FIG. 12.—Adult shaft, in which the arms of the anchor are about half formed, seen in a transverse section of the body-wall. In this figure there is shown in the clearest manner the external position of the majority of the nuclei, and the internal position of the half-dozen or so nuclei which have migrated internally to form a separate cluster in this position. All stages of this migration can be seen in the actual preparations.

FIG. 13.—Spicule viewed from the internal aspect. A granule has been deposited in the internally-situated cluster of nuclei. The formation of the arms of the bow is distending the general syncytium in this region (formation of the “ patagia”).

FIG. 14.—The granule is elongating on both sides in a direction transverse to the length of the anchor-shaft.

FIG. 15.—The same stage of growth of another spicule viewed in a transverse section of the body-wall.

FIG. 16.—Spicule viewed from the internal aspect. The granule has become a distinct rod with rounded extremities and swollen centre. In this species— S. inhærens—it is, as remarked in the text, situated transversely to the length of the anchor-shaft.

FIG. 17.—The same stage in S. digitata. It will be noticed that in this species the rod is situated parallel with the shaft and not at right angles to it. This difference between the two species of Synapta is quite constant.

FIG. 18.—S. inhærens.
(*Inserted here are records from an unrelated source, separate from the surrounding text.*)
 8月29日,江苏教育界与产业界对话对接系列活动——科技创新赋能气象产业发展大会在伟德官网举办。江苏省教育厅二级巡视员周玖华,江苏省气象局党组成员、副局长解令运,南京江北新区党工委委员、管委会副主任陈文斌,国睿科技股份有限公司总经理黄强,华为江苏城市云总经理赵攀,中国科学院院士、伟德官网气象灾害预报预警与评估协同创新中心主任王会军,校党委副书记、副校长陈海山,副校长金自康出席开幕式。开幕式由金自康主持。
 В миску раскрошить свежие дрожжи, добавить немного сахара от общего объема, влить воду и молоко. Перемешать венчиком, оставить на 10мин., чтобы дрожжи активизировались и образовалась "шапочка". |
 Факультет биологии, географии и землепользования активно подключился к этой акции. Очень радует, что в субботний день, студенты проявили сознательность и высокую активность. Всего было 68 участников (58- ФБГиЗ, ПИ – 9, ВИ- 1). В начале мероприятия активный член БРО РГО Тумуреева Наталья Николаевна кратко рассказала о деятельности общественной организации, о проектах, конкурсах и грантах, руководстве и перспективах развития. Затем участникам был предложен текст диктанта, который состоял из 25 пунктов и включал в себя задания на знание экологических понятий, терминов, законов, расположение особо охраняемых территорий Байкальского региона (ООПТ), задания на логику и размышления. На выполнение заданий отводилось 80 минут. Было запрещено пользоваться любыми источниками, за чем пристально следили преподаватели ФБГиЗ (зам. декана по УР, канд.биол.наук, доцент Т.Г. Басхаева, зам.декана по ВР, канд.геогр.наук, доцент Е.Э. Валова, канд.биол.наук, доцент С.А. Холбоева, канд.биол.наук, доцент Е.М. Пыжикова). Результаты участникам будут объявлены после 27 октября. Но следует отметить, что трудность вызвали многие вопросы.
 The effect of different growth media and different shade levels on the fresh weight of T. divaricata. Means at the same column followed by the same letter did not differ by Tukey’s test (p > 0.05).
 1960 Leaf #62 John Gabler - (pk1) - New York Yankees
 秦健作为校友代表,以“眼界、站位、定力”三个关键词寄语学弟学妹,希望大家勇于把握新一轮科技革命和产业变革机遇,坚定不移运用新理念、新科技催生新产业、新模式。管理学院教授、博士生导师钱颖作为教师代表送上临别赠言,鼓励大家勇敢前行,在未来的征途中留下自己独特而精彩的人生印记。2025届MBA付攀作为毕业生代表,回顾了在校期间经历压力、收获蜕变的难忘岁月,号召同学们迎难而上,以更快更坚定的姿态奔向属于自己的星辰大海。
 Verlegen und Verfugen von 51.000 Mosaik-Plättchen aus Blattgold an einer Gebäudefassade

The extremities of the transverse rod have bifurcated. The “ patagia “ are well shown here.

FIG. 19.—S. digitata. The extremities of the parallel rod have bifurcated.

PLATE 30.

FIG. 20.—S. inhærens. The bifurcated extremities of the transverse rod have themselves bifurcated. The “ patagia “ are giving place to the “ strands “ uniting the apices of the anchor arms and the handle.
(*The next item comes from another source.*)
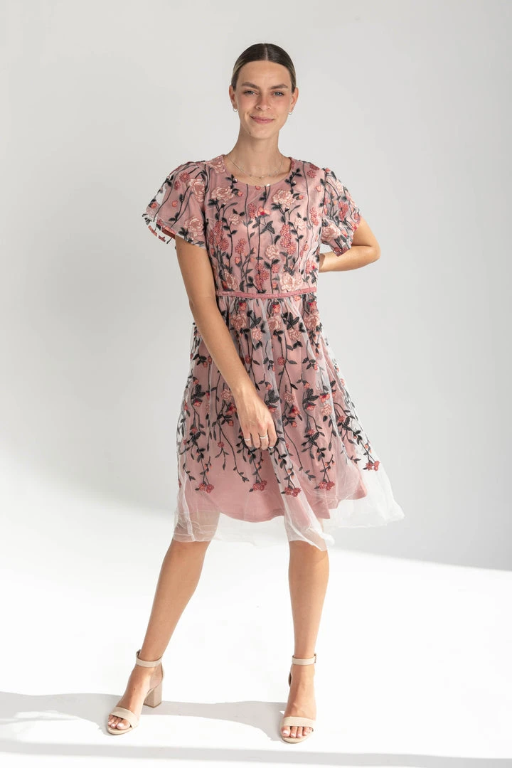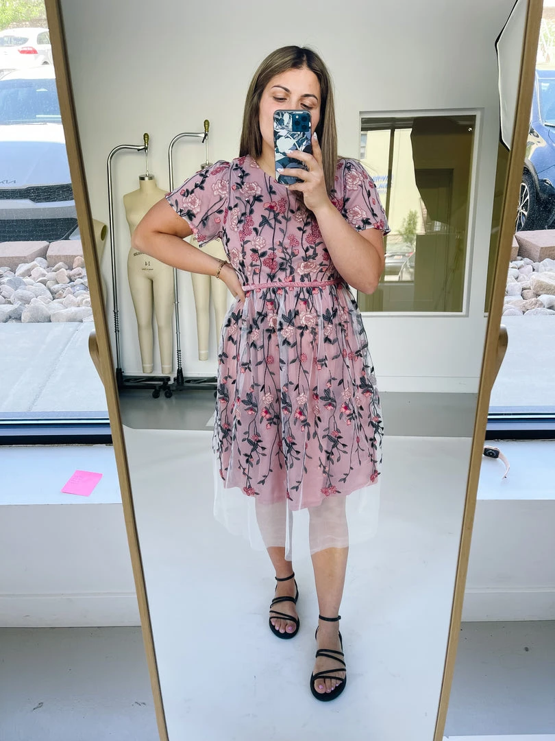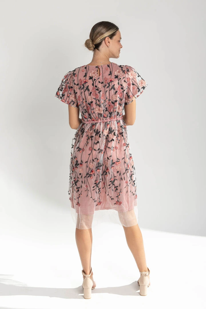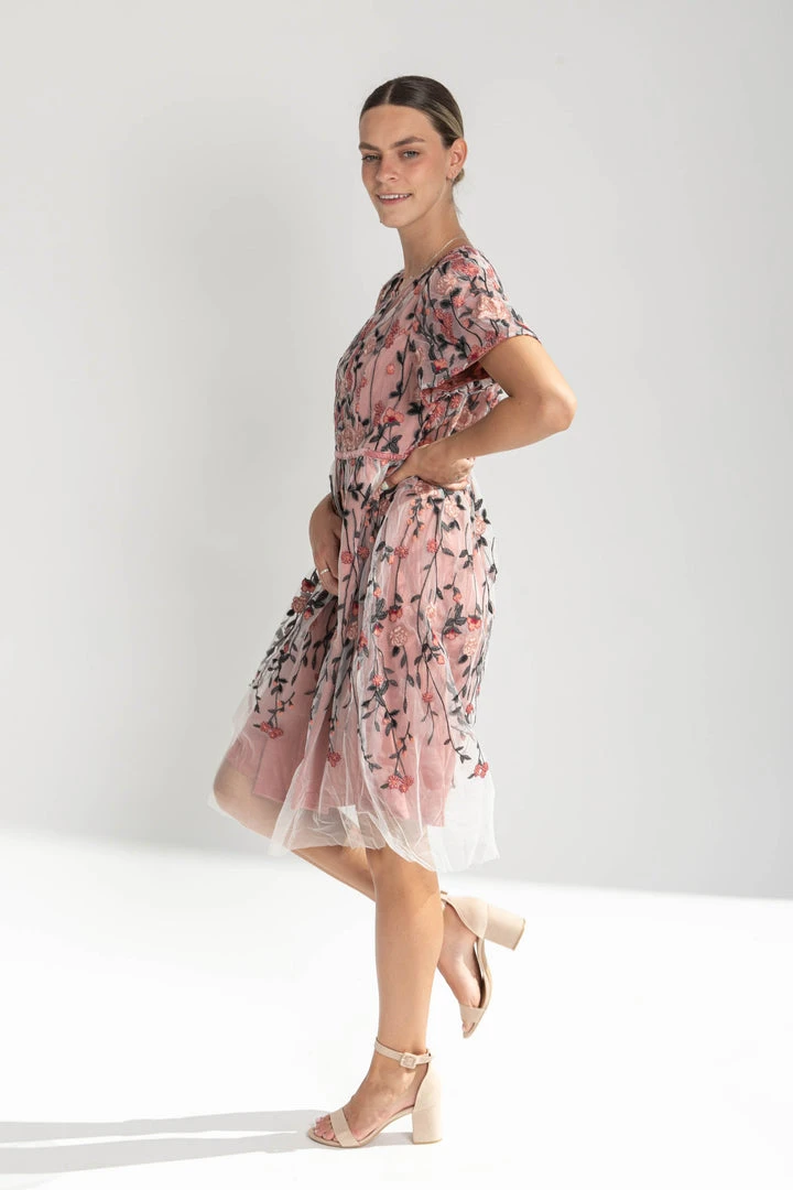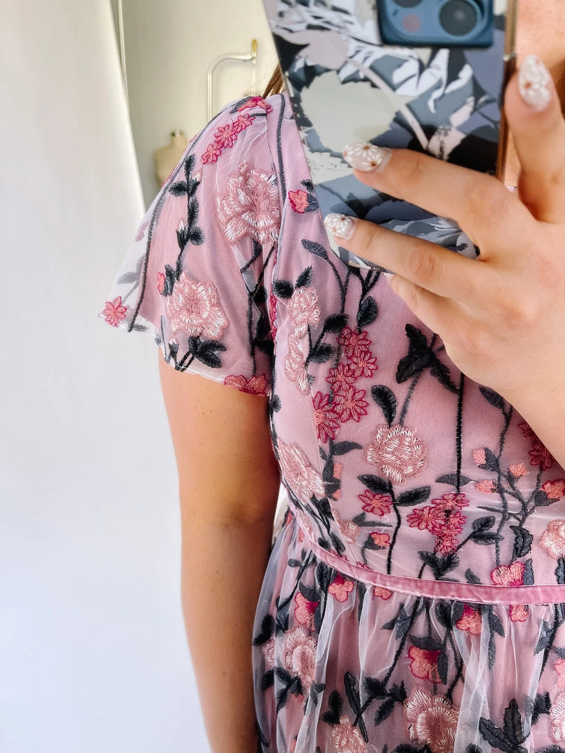 The Asha Embroidered Lace Detail Dress is blush- colored with a tulle embroidered overlay. It has a velvet trim detail around the waistline. This dress has pretty party vibes all over it.Â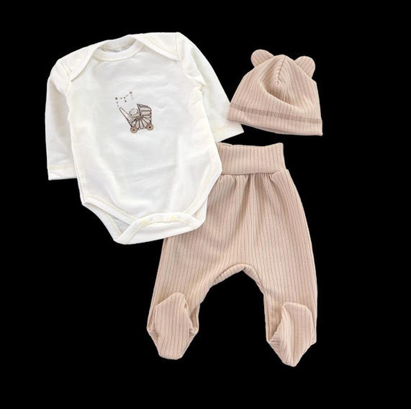 Комплект 3в1 складається із боді, повзунків та шапочки.Чудово підійте в пологовий будинок із перших хвилин народження.Комплект виготовлений із натуральної тканини: повзунки/штанці та шапочка - мустанг (трикотаж рубчик), боді - інтерлок.Малюку в такому комлекті буде комфортно як в маминих обіймах.

FIGS. 21—23 illustrate the further formation of the plate and the protoplasmic strands with their aggregates of nuclei.

FIG. 24 illustrates an anchor, in connection with which no plate has been formed.

FIG. 25.—Side aspect of the anchor-handle and plate-base to show the joint formed between the two.

FIG. 26.—The problematic bodies found in the body-wall.

The Development of the Auricularian Wheel-Spicule.

FIG. 27.—The initial granule in the syncytium. Its proximity to the bodywall is indicated.

FIGS. 28—30 illustrate the growth of this granule (surface aspect).

FIG. 31.—The plate-like form which this granule assumes and the clustering of the nuclei on its inner aspect (the aspect remote from the wall).

FIG. 32.—The plate or dish in side view. The inner position of the cluster of nuclei is well shown.

FIG. 33.—Plate viewed from its inner aspect.

FIG. 34.—Lateral aspect of full-sized plate.

FIG. 35.—Plate viewed from its outer aspect (nuclei situated on its remote side). The edge of the plate is crenate—the first indication of the spokes.

FIGS. 36—38.—Plate in all cases viewed from its inner aspect (nuclei on the near side). The formation of the spokes and the corresponding distension of the scleroplasm of the syncytium is shown. The nuclei with their accompanying scleroplasm lie in the concavity of the plate.

FIG. 39.—The spokes extend circumferentially.

FIG. 40.—The felly of the wheel formed. The entire spicule is enveloped by the scleroplasm.

FIG. 41.—The wheel viewed from the side in optical section showing the “ eggs-in-a-basket “ appearance.

FIG. 42.—One of the calcareous globes of the Auricularia larva with its enveloping syncytium situated in a shallow pocket of the body-wall.